Viewing the evidence in the light most favorable to the findings supporting the trial court's order, we conclude the evidence is legally sufficient to support the modification order. See City of Keller, 168 S.W.3d at 822. Furthermore, reviewing all of the evidence in the record, the findings supporting the trial court's modification order are not so against the great weight and preponderance of the evidence as to be clearly wrong and unjust. See Ortiz, 917 S.W.2d at 772. The evidence is factually sufficient to support the trial court's modification order. Because the trial court's order is supported by legally and factually sufficient evidence, the trial court did not abuse its discretion in entering the modification order. See Jenkins, 16 S.W.3d at 477. Although the trial court's conclusion of law did not expressly state that circumstances had "materially and substantially" changed, the trial court must have found that such a change had occurred, since the trial court modified the order by giving Henry the sole right to determine K.A.S.B.'s primary residence. See Tex. Fam.
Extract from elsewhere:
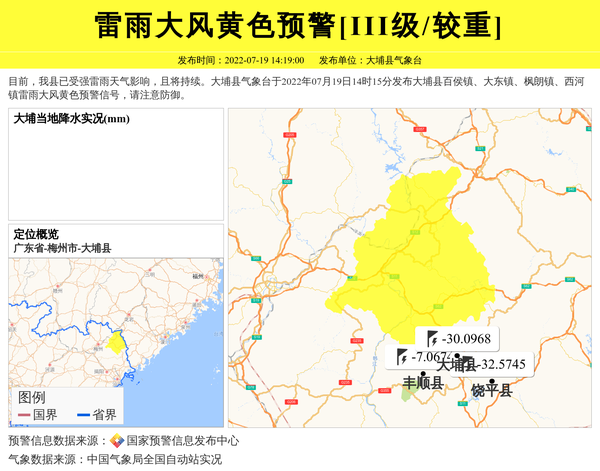目前,我县已受强雷雨天气影响,且将持续。大埔县气象台于2022年07月19日14时15分发布大埔县百侯镇、大东镇、枫朗镇、西河镇雷雨大风黄色预警信号,请注意防御。 信息来源:国家预警信息发布中心; 发布单位:大埔县气象台。

Code Ann. § 156.101. Accordingly, we overrule issues one and three.
Issue Two
In her second issue, Leia argues the trial court "erred by excluding the substantive testimony of the only mental health professional called to testify." After Henry's counsel rested, Leia's attorney called licensed professional counselor Theresa Burbank to testify. Henry's counsel objected on the ground of surprise and asserted that Leia's attorney had not timely supplemented discovery with information regarding Burbank. After both counsel took Burbank on voir dire, the trial court sustained the objection regarding lack of adequate notice. Rule 193.5(b) of the Texas Rules of Civil Procedure provides as follows: "An amended or supplemental [discovery] response must be made reasonably promptly after the party discovers the necessity for such a response. Except as otherwise provided by these rules, it is presumed that an amended or supplemental response made less than 30 days before trial was not made reasonably promptly." Tex. R. Civ. P. 193.5(b). Matters regarding the admissibility of evidence are within the sound discretion of the trial court. City of Brownsville v. Alvarado, 897 S.W.2d 750, 753 (Tex. 1995). The record reflects that Leia's counsel did not supplement discovery with Burbank's report until September 11, 2006, four days before the final hearing was held. (2) Therefore, the trial court did not abuse its discretion by excluding Burbank's testimony. See Tex. R. Civ. P. 193.5(b); Downer, 701 S.W.2d at 241-42. We overrule issue two and affirm the trial court's judgment.
AFFIRMED.
STEVE McKEITHEN
Chief Justice
Submitted on April 12, 2007
Opinion Delivered July 26, 2007
Before McKeithen, C.J., Gaultney and Horton, JJ.
1. In chambers, K.A.S.B. stated that Leia sometimes smokes around the child.
2. The witness interviewed the child four times beginning August 21, 2006, and
provided her report to Leia's counsel on September 11, 2006. Leia's counsel provided the
report to Henry's counsel the day it was received by them.